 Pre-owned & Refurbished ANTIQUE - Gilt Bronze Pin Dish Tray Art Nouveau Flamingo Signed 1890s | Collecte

▬▬▬▬▬▬

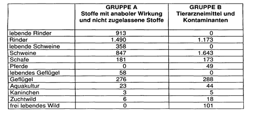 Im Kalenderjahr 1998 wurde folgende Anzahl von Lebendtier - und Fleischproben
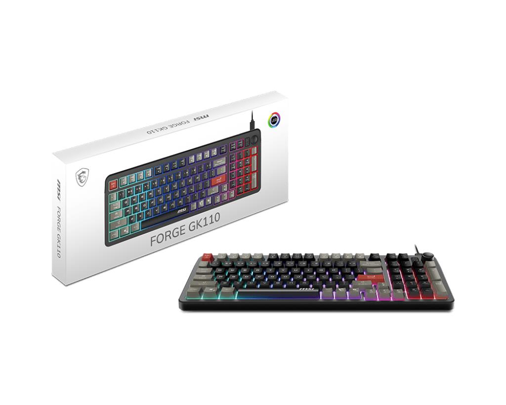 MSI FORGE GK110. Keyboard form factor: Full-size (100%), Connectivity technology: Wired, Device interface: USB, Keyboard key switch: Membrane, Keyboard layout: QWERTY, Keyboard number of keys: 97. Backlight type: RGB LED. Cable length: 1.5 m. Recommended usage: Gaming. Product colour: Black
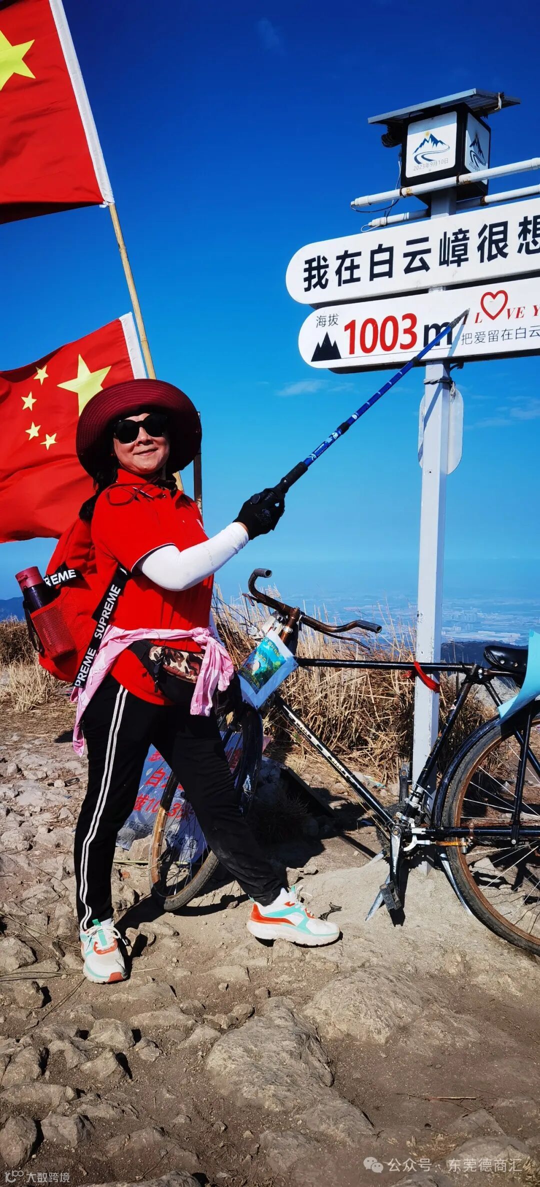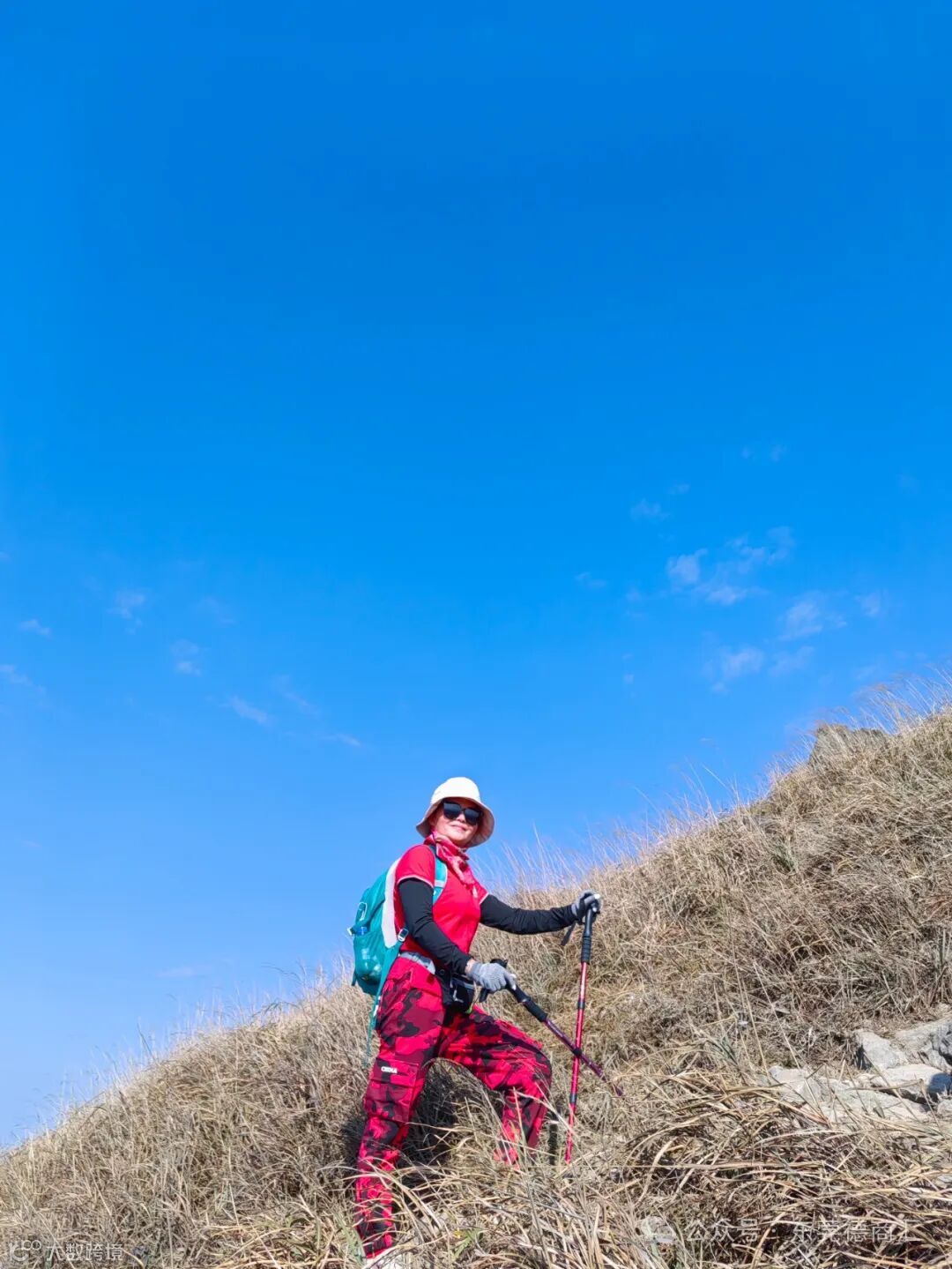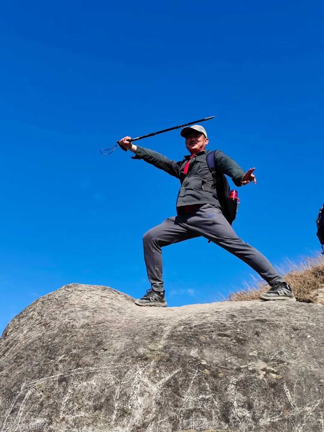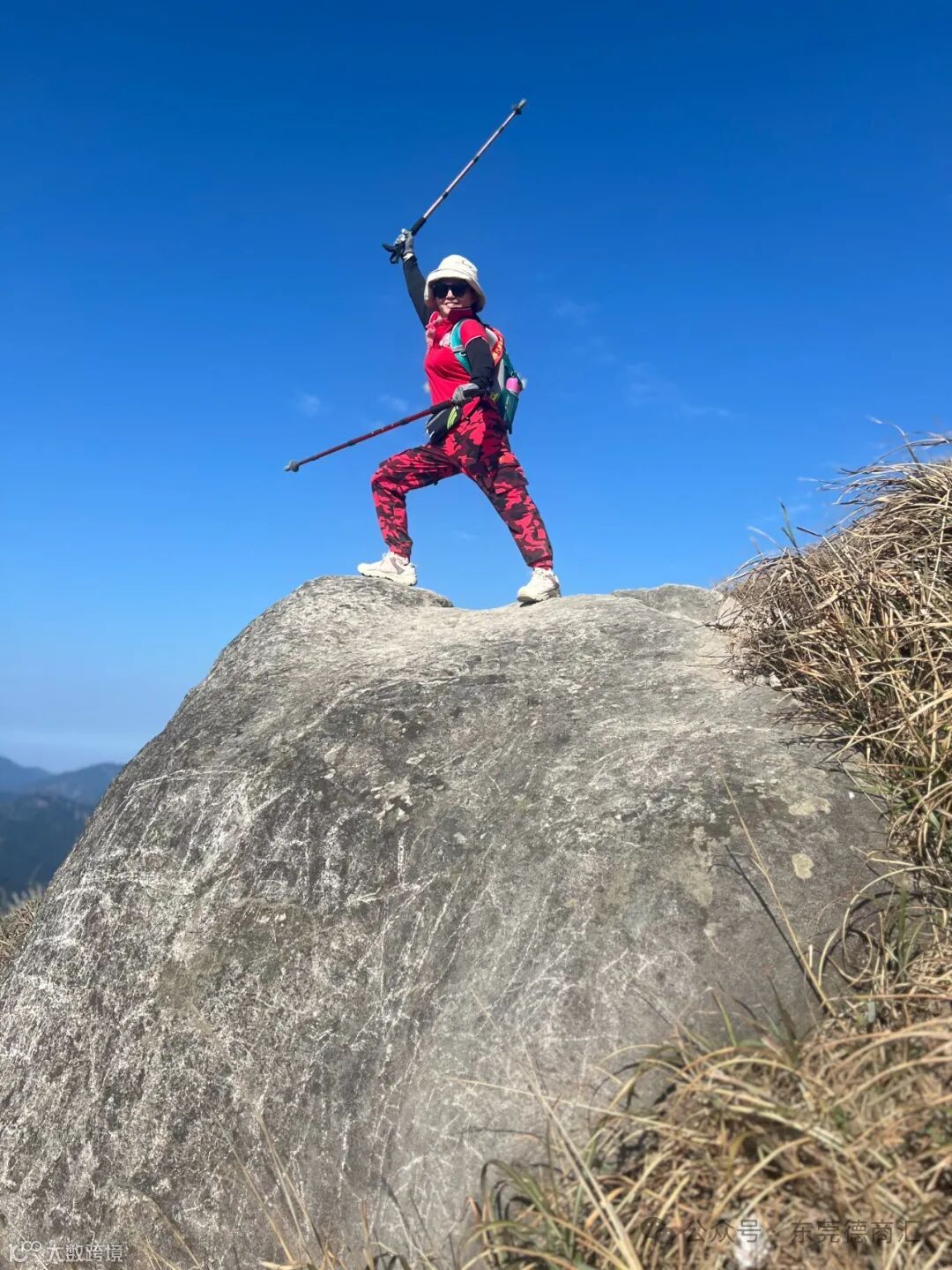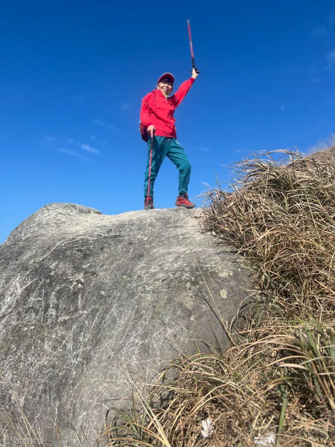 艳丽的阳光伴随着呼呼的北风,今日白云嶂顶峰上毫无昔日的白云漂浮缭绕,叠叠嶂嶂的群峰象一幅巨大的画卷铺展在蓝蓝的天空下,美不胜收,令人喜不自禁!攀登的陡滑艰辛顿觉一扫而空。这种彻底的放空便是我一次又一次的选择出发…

▬▬▬▬▬▬

Write out exactly the lines above between the one with "Im Kalenderjahr 1998" and the one with "艳丽的阳光伴随着呼呼的北风,今日白云嶂顶", inclusive, with pictures left out.

Response below ▸
 Im Kalenderjahr 1998 wurde folgende Anzahl von Lebendtier - und Fleischproben
 MSI FORGE GK110. Keyboard form factor: Full-size (100%), Connectivity technology: Wired, Device interface: USB, Keyboard key switch: Membrane, Keyboard layout: QWERTY, Keyboard number of keys: 97. Backlight type: RGB LED. Cable length: 1.5 m. Recommended usage: Gaming. Product colour: Black
 艳丽的阳光伴随着呼呼的北风,今日白云嶂顶峰上毫无昔日的白云漂浮缭绕,叠叠嶂嶂的群峰象一幅巨大的画卷铺展在蓝蓝的天空下,美不胜收,令人喜不自禁!攀登的陡滑艰辛顿觉一扫而空。这种彻底的放空便是我一次又一次的选择出发…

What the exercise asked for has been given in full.